Freaky Tales

 

Pedro Pascal
Anna Boden and Ryan Fleck's Freaky Tales shows flashes of personality, but, ultimately, is too derivative for its own good. The film, in part, was inspired by the song "Freaky Tales" on the album Born to Mack by Oakland Hip-Hop icon Too Short. Set in 1987, the film unfolds in four interconnected chapters, all set in Oakland and Berkeley. An aspiring rap duo gets to perform with Too Short while punks in love battle Nazi skinheads at punk venue 924 Gilman street. A loan shark (Pedro Pascal) has one last job while the skinheads make the mistake of crossing Golden State Warrior star Sleepy Floyd. I was living in San Francisco in 1987, so I did feel a pang of nostalgia watching this paean to the neglected East Bay. I even got to see punk luminaries Flipper, and many lesser lights, at Gilman street during this era.

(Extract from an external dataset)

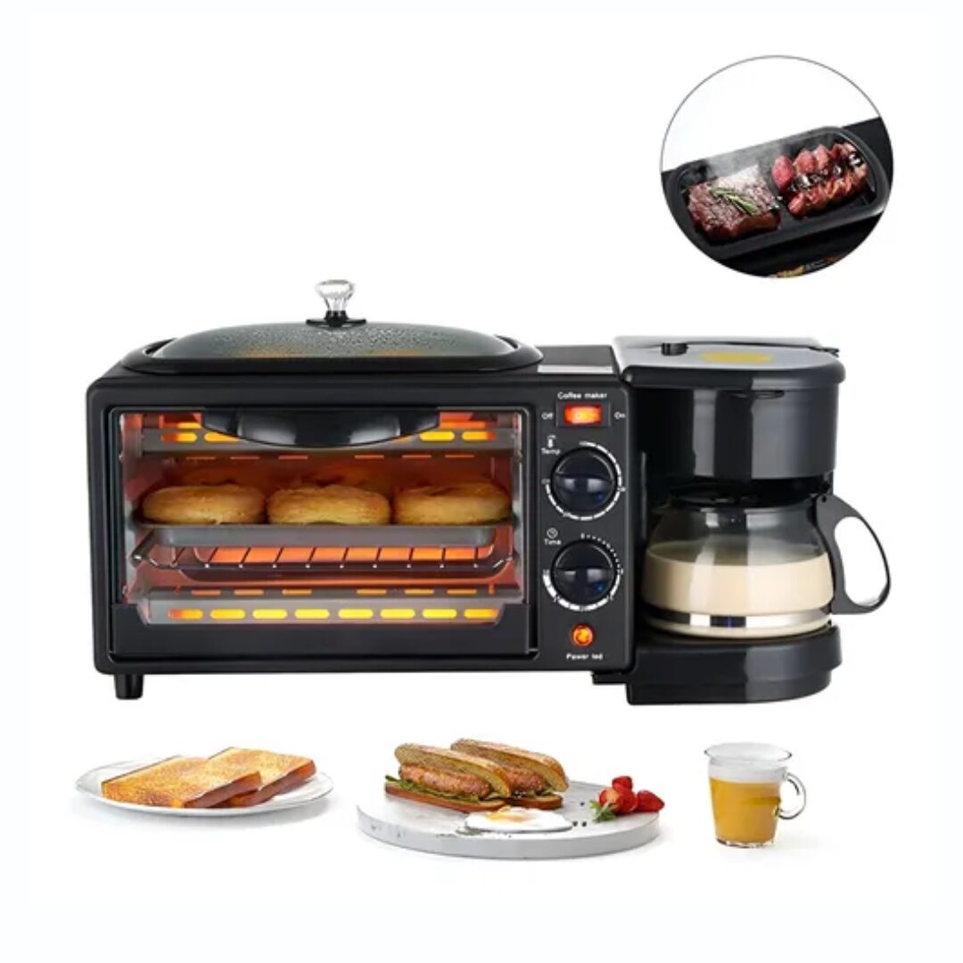 Permite preparar un delicioso desayuno en un solo lugar, combinando horno, cafetera y plancha.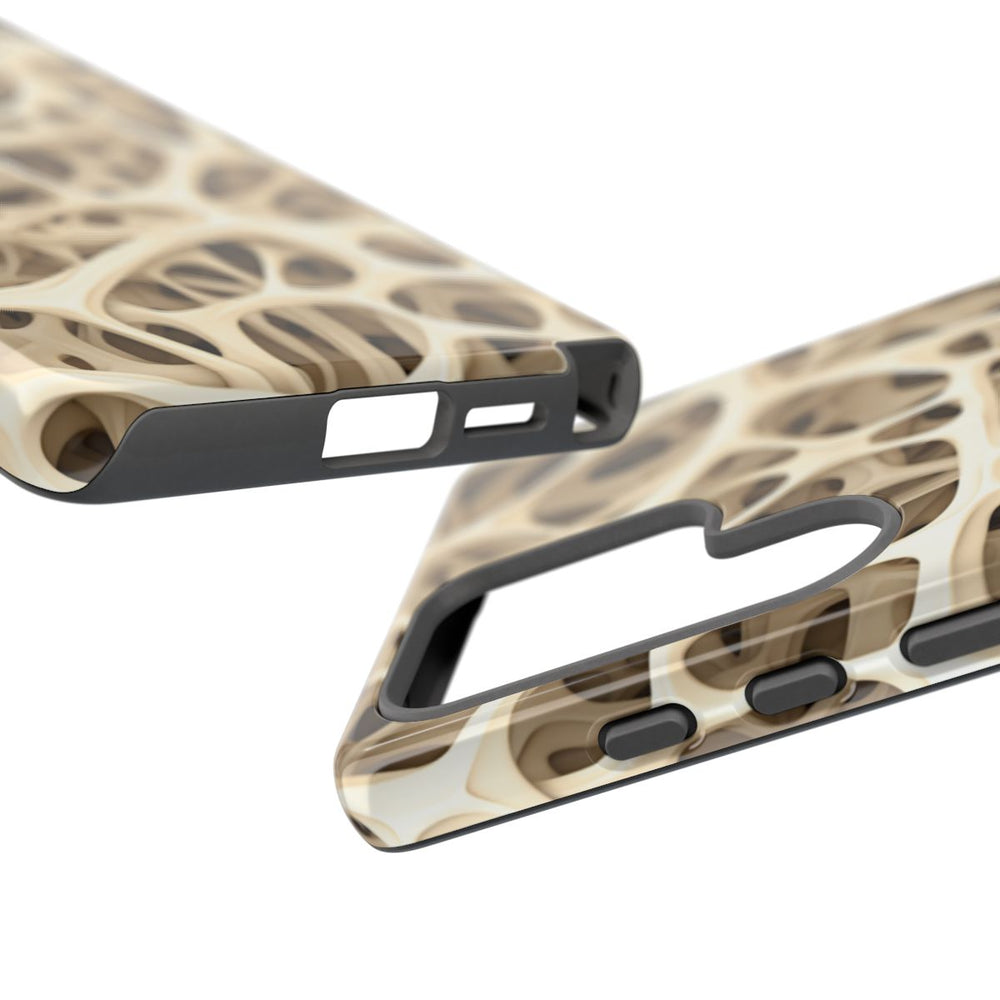 Dit telefoonhoesje heeft een opvallend patroon dat doet denken aan een botstructuur, met onderling verbonden, onregelmatig gevormde openingen en vloeiende randen. De hoofdkleur is beige met subtiele schaduwen die het ontwerp diepte en karakter geven. De afbeelding is gedrukt op een glanzend, stevig hoesje met een dubbele laag van een polycarbonaat buitenkant en een TPU binnenzijde, wat zorgt voor extra stevigheid en bescherming. Het hoesje ondersteunt draadloos opladen, is bestand tegen weersinvloeden en behoudt langdurig zijn heldere uitstraling.

The locations are well used and the songs selected by Raphael Saadiq, whose discography I commend to all, are expertly chosen even when they are not by East Bay artists. The acting is all over the place. A lot of the younger performers are amateurish. Ben Mendelsohn, an actor I usually like and who has collaborated before with the directing duo, offers a one note snarl of a performance. Perhaps the fault lies in his character, a corrupt police detective who is so evil that he has spawned the lead skinhead (Mom, per usual, is absent from the flick). There are too many societal ills lumped in his character to make him believable. Pedro Pascal, an actor whose work I have never really cottoned to, is the most soulful thing in the film.

The picture is an obvious labor of love, stars and East Bay icons like Tom Hanks, Tim Armstrong, Too Short, and Marshawn Lynch all make cameos, so I salute the directing duo for trying something heartfelt instead of succumbing to Captain Marvel 2. However, the structure, playfulness with time, and use of a diner as an important setting are all too reminiscent of Pulp Fiction. I've enjoyed films that drank from this well (like Things to Do in Denver When Your Dead), but Freaky Tales crosses my personal Mendoza line because it has little to add to the Tarantino template except for its setting. As with Quentin, having the heroes smite evil doers seems more like wish fulfillment than catharsis.